イ氏: 「Durango」というタイトルは“水の地”という言葉を語源にしていています。これはメキシコに実在する地名です。似た名前の都市がアメリカにもあると聞いています。このゲームの中で水は非常に重要で特別な資源になっています。人が生存していくための重要な資源でもありますし、交通手段にもなります。人だけではなく、動物も水辺に来て水を飲んでいくので、そこで狩りをすることもできます。水がこのゲームにおいて非常に重要な意味を持っているので、水の地という意味にしました。
――改めて本作の開発コンセプトを教えてください。
イ氏: 私たちがこのゲームを開発するにあたって掲げたビジョンは開拓プレイができる新しい形のMMORPG。これまでのMMORPGはクエストを受けて、何かものを配達したり、敵を倒したり、宿題をこなしていくようなイメージがあったが、MMORPGの文法を根底から切り替えるような新しいものを開発したいということで、開発に至りました。大きな特徴は開拓プレイということです。
――なぜモバイル向けにしたのですか?
イ氏: モバイル技術が非常に発達していて、ゲーミングの環境に非常に大きな可能性を開いている。私たちはMMORPGをいつでもどこでもプレイできるようなモバイルゲームにしようと考えました。そのため従来のモバイルゲームとはややアプローチをしています。ほぼ1人で遊べる非同期式のモバイルゲームと違って、私たちはフルMMORPGを目指しています。
――マップが非常に広いということですが、どのくらいの規模なのですか?
イ氏: マップがすべてクライアントに入っているわけではありません。サーバーでその都度受けて処理をする形になっているので、グーグルマップやグーグルアースの地図を見るように本当に無限大のスペースを使うことができるわけです。私たちが内部でテストをしたときに、大きな大陸では10km×10kmのおおきな大陸もテストしました。ですが、より小さな単位の島で提供したほうが、ユーザーにとってもっと面白さがあるということが発見できまして、小さな島単位に分かれたマップが無限大にあるようなものになっています。ですので大陸ももちろん存在していますが、ユーザーさんが主にプレイするのは1km未満の島が群島になった場所になると思います。
――サンドボックス要素について教えてください。
イ氏: サンドボックスの概念については、今までのゲームにはない特別なものがあります。あらかじめ作られた村や都市はありません。すべてゲームの中でユーザーさんが直接作ることになります。ほかのMMORPGでは、すでにある街の中にNPCがいて、ユーザーさんにクエストを与えたりショップを開いたりしていますが、そういうことはまったくありません。荒れ地から街を自分で作っていったり、ここは私の私有地ですと宣言したり、何かのものや施設を独占したり、あるいはほかのユーザーと共有したりしています。

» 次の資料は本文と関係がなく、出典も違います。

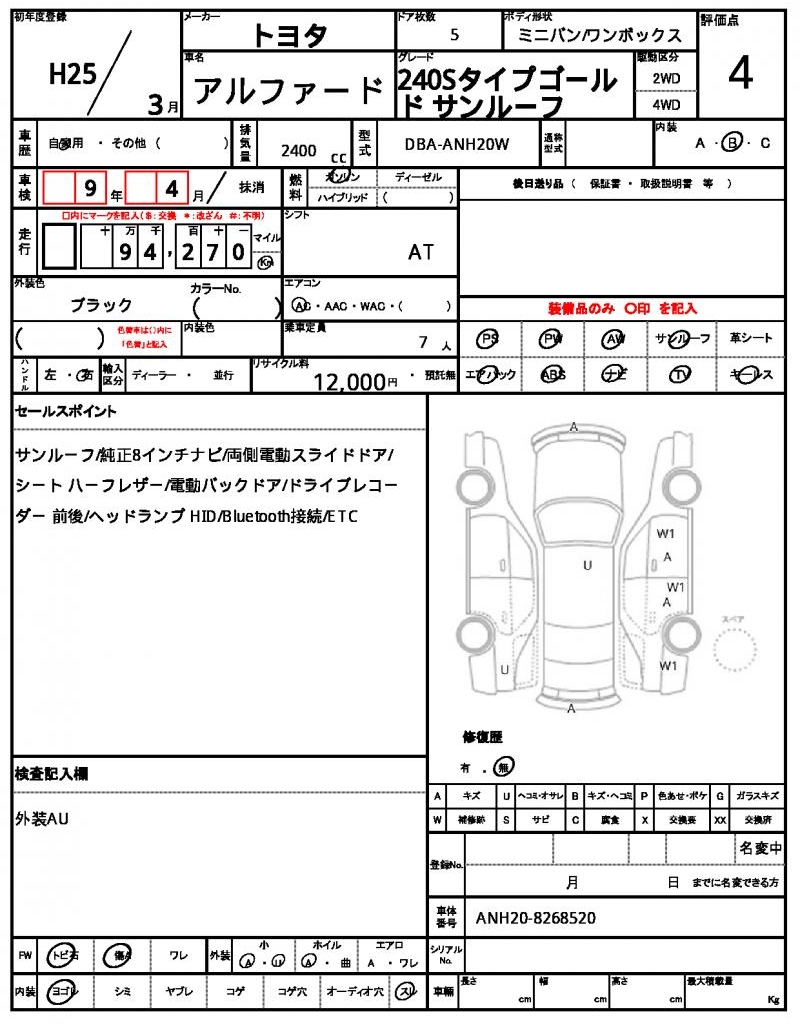 | VIN/Serial No. | ANH20-8268520 |

――サンドボックス型のゲームは、ある程度開発が進むと満足してしまい、リセットしてやりなおしたりしているが、本作ではどうなるのか。
イ氏: 先ほど大陸と群島のモデルについて簡単に説明しました。実は私たちがサンドボックス型のゲームを作るとき気にしたことが2つあります。1つめは、時間が経つにつれてどんどん開拓されていって、たくさん開拓されているところにいくとあまりやることがないので、興味が失われてしまうのではないか。2点目は地政学的なストレスが発生するのではないかと思いました。例えば私がこの領土を開拓して建物をたててずっとここを反映させたのですが、すぐ隣にあまり気に入らない人が入ってきて対立が生じたらどうするのかという悩みがありました。おそらくそういうことで、従来のサンドボックスゲームは非常にハードコアになるのではないかと思いました。その解決方法として小さな群島単位に分けて、そこである程度人口が維持できるような配慮をしていこうと思っています。我々がこのゲームのエンドコンテンツとして考えているものは2つあります。1つは部族を作って連合していくこと。もう1つは不動産です。有用な資源を算出する土地を巡って対立が生じると思うので、そういうものをエンドコンテンツとして考えています。

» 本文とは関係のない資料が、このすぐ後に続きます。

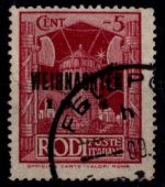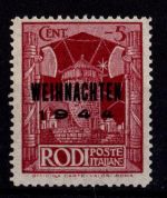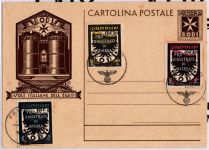 1944, Ganzsache mit Malteserkreuz, philatelistisch geschmückt mit Ausgaben der ägäischen Inseln Rodi

――群島についてどういったものかもう少し詳しく教えてください。
イ氏: 島には安定した島と、不安定な島の2種類があります。安定した島はプレーヤーがそこに居住するのに使います。ゲーム内で死んだときに復活するのもこの安定した島になります。どの島にいくかはチュートリアルが終わった時に決めます。チュートリアルが終わると、ほかのユーザーと一緒にいかだを作ってその島から脱出する場面があります。その時に、すでにこのゲームをやっている友達がいますかという質問が出ます。もしいるなら、友達の名前を入力すれば、その友人の隣の島に行くことになります。もう1つの選択しは、同じいかだに乗っている人たちと同じ島に行きますかという二者択一です。もし適切な島がない場合は、システムが新しい島を作って推奨します。

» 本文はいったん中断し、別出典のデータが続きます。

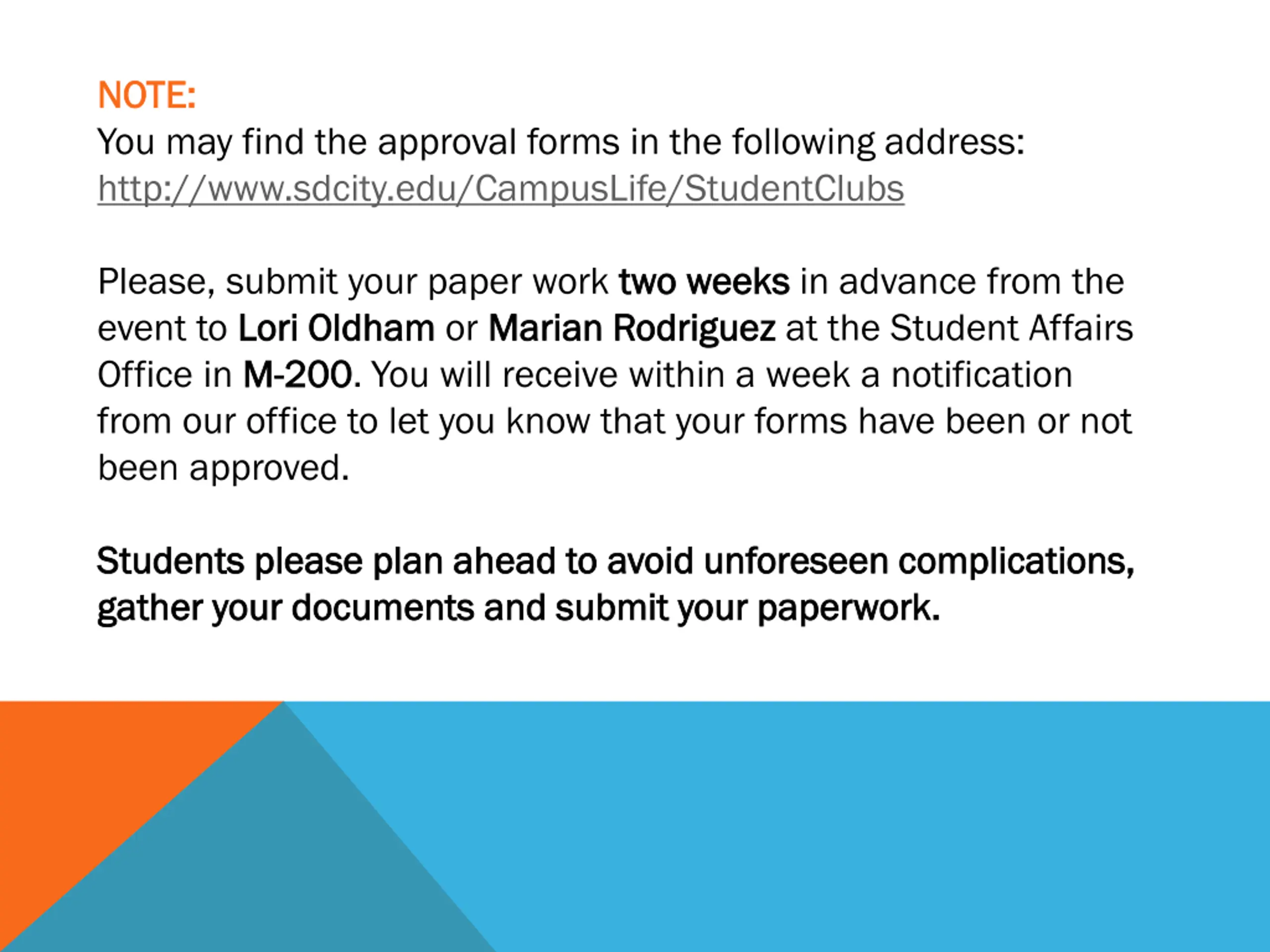 NOTE: NOTE: You may find the approval forms in the following address: http://www.sdcity.edu/CampusLife/StudentClubs Please, submit your paper work two weeks event to Lori Oldham Lori Oldham or Marian Rodriguez Office in M M- -200 200. You will receive within a week a notification from our office to let you know that your forms have been or not been approved. two weeks in advance from the Marian Rodriguez at the Student Affairs Students Students please plan ahead to avoid unforeseen complications, please plan ahead to avoid unforeseen complications, gather your documents and submit your paperwork. gather your documents and submit your paperwork.

次に不安定な島ですが、不安定な島は家というより職場だと考えてください。出勤するような形で不安定な島に行きますが、疲労度がたまりますので長く滞在はできません。そこにいて自分に有用な資源をとって自分の島に戻ってくる形になります。この不安定な島の寿命は1週間から2週間経つと消えてしまいます。いわゆるセッション制の島だと考えてください。このように安定した島と不安定な島をユーザーさんが行き来するのが「Durango」の革新的なゲームプレイの形となります。
――安定した島はユーザーのみが入れる島になるのですか?
イ氏: 安定した島も不安定な島も人数を制限することは考えていません。少なくとも数十人規模で入れるようにしたいと今は考えている。
――大規模戦について教えてください、
イ氏: 1つの部族については、コミュニティだと考えればいいのですが、それほど多くはなく30人程度を考えています。これは社会心理学的に、そのくらいの人数がおたいがいにより親密感を感じやすいという理由からです。ほかのゲームのギルドに似通ったものだと考えてください。国は部族の緩い連合だと考えてください。それが領土をめぐって対立をするわけです。例えば50レベルになって、不安定な島が発見されたとします。その島は非常にいいダイヤモンドが取れる島で、色々な部族がそれを早く獲得しようとします。その中で自分の部族に有利なベースキャンプを作ったり、ほかの部族が入ってくるのを邪魔するような施設も作れます。後々には私有地をめぐる争奪戦もありかなと考えています。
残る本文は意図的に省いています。